Google CEO Pichai takes helm of parent Alphabet

December 04, 2019 09:41
Google boss Sundar Pichai will now also have the title of CEO at parent company Alphabet. Photo: Reuters

Google Chief Executive Sundar Pichai will replace Larry Page as CEO of parent Alphabet Inc, extending a long retreat from public roles and active management by Page and Sergey Brin at the company they co-founded 21 years ago, Reuters reports.

"While it has been a tremendous privilege to be deeply involved in the day-to-day management of the company for so long, we believe it's time to assume the role of proud parents — offering advice and love, but not daily nagging!" Page and Brin wrote in a blog post on Tuesday.

Streamlining management could help Alphabet better respond to the challenges and focus on growing profits.

Alphabet, which owns more than a dozen companies including self-driving car technology business Waymo and health care software company Verily, emerged in 2015 as part of a restructuring of Google.

Page, who is known for having big expectations and strong thoughts on technological details, had wanted to focus on developing those newer businesses, which collectively lose money.
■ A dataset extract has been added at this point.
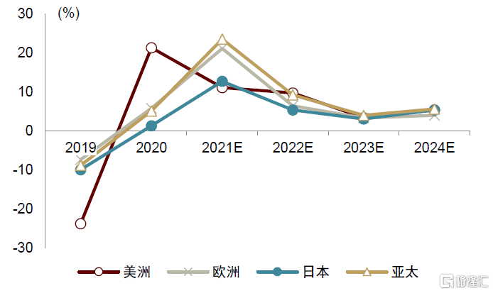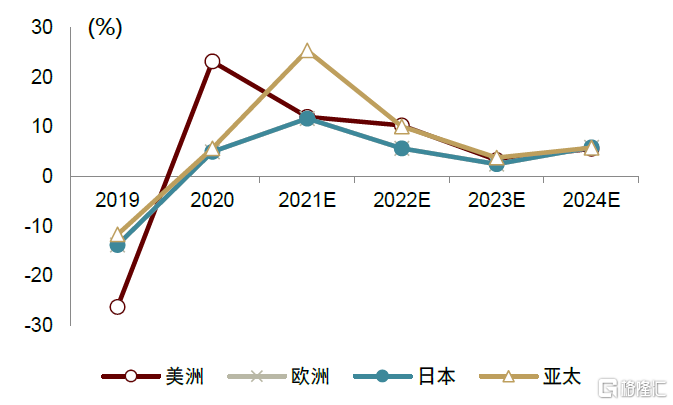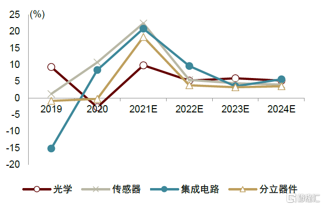 圖表:全球集成電路產值同比增速(按應用場景分)

He left Alphabet’s biggest and most profitable unit, Google, to Pichai. Brin had stayed on as Alphabet’s president, spending some time on robotics and other research projects.
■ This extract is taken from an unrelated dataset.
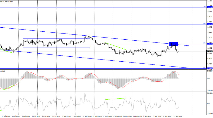 EUR/USD. 14 сентября. Рынок странно и бурно отреагировал на американскую инфляциюИнстаФорекс - Instaforex, 3 года назад Добрый день, уважаемые трейдеры! Пара EUR/USD во вторник выполнила разворот в пользу валюты США и буквально в течение нескольких часов упала к уровню коррекции 323,6% - 0,9963 практически от уровня 1,0196. Падение было очень сильным, и целиком и полностью «вина» за него лежит на отчете по инфляции в США. И вчера, и сегодня многие аналитики уже успели проанализировать этот отчет. Ничего сложного ни в нем, ни в его значении за август нет. Я полностью согласен с тем, что теперь ФРС, вероятнее всего, повысит на следующем заседании ставку на 0,75%, так как темпы падения индекса потребительских цен начали замедляться уже через месяц. Следовательно, нужен новый толчок, чтобы инфляция разгонялась уже в обратном направлении, к 2%. В то же время я соглашусь с мнением, что на самом деле отчет был не так уж и плох. Представители FOMC неоднократно заявляли, что необходимо и дальше повышать ставку, что ее итоговое значение может быть выше 4%, а период высоких ставок может затянуться на долгое время. Это означает, что в ФРС уже готовы к небыстрому возврату инфляции к целевому уровню и необходимости постоянно стимулировать ее снижение. Если трейдеры так бурно отреагировали на замедление инфляции на 0,2%, то что будет, когда ФРС еще несколько раз повысит ставку в текущем году? Выходит, что трейдеры-медведи вернутся на рынок, а доллар США еще несколько месяцев будет расти. По крайней мере, сейчас я могу сделать такой вывод. На часовом графике котировки пары выполнили уже два отбоя от уровня Фибо 323,6%, что может сработать в пользу европейской валюты и некоторого роста. Но я не думаю, что вчерашний обвал – это просто реакция на один отчет. Если медведи так массово избавлялись от евро и скупали доллар, значит они и в дальнейшем готовы к этому. Сейчас я думаю, что падение пары будет продолжаться. Уже на следующей неделе состоится заседание ФРС и может увидеть новые «полеты» пары и движения, которые не помещаются в окно терминала. На 4-часовом графике пара выполнила отбой от уровня коррекции 127,2% - 1,0173, разворот в пользу валюты США и начала падение в направлении коррекционного уровня 161,8% - 0,9581. Таким образом, нисходящий трендовый коридор продолжает характеризовать настроение трейдеров как «медвежье». Закрытие курса пары над коридором может изменить настроение трейдеров на «бычье» на долгое время, но очередная попытка закончилась провалом. Отчет Commitments of Traders (COT):

Page and Brin will remain directors, but will cede their CEO and president titles, respectively, immediately, Alphabet said.

The president role will not be filled, the company said, describing the changes as long discussed.
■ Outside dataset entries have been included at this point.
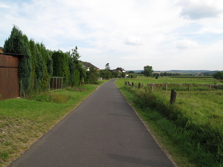 Rechts halten und der Beschilderung folgen. Die gesamte Strecke ist asphaltiert. In flotter Fahrt geht es abwärts durch die Felder. Nach dem Ort Völzberg wird es etwas flacher- Vorsicht, Rücksicht nehmen auf Traktoren.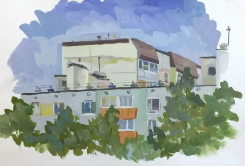 Живописная пленэрная работа выполнена в технике акварель. На работе изображена зарисовка крыш жилых домов 4 микрорайона района Матушкино города Зеленоград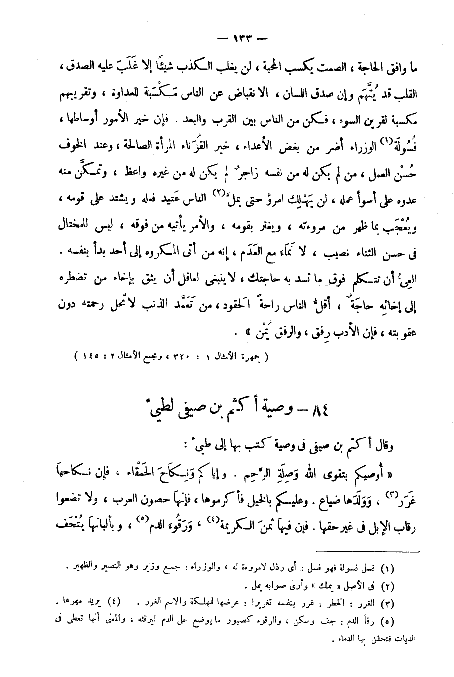 84- وصية أكثم بن صيفي لطيئ:

Page’s voice has been impaired for years because of a chronic condition, but his health did not play a role in the decision to step aside, Alphabet said.

“With Alphabet now well-established, and Google and the Other Bets operating effectively as independent companies, it’s the natural time to simplify our management structure,” the co-founders said.

“We are deeply committed to Google and Alphabet for the long term.”

While publicly stepping back, the co-founders still control more than 51 percent of shares.

As of April, Page held 26.1 percent of Alphabet’s total voting power, Brin 25.25 percent and Pichai less than 1 percent, Reuters noted.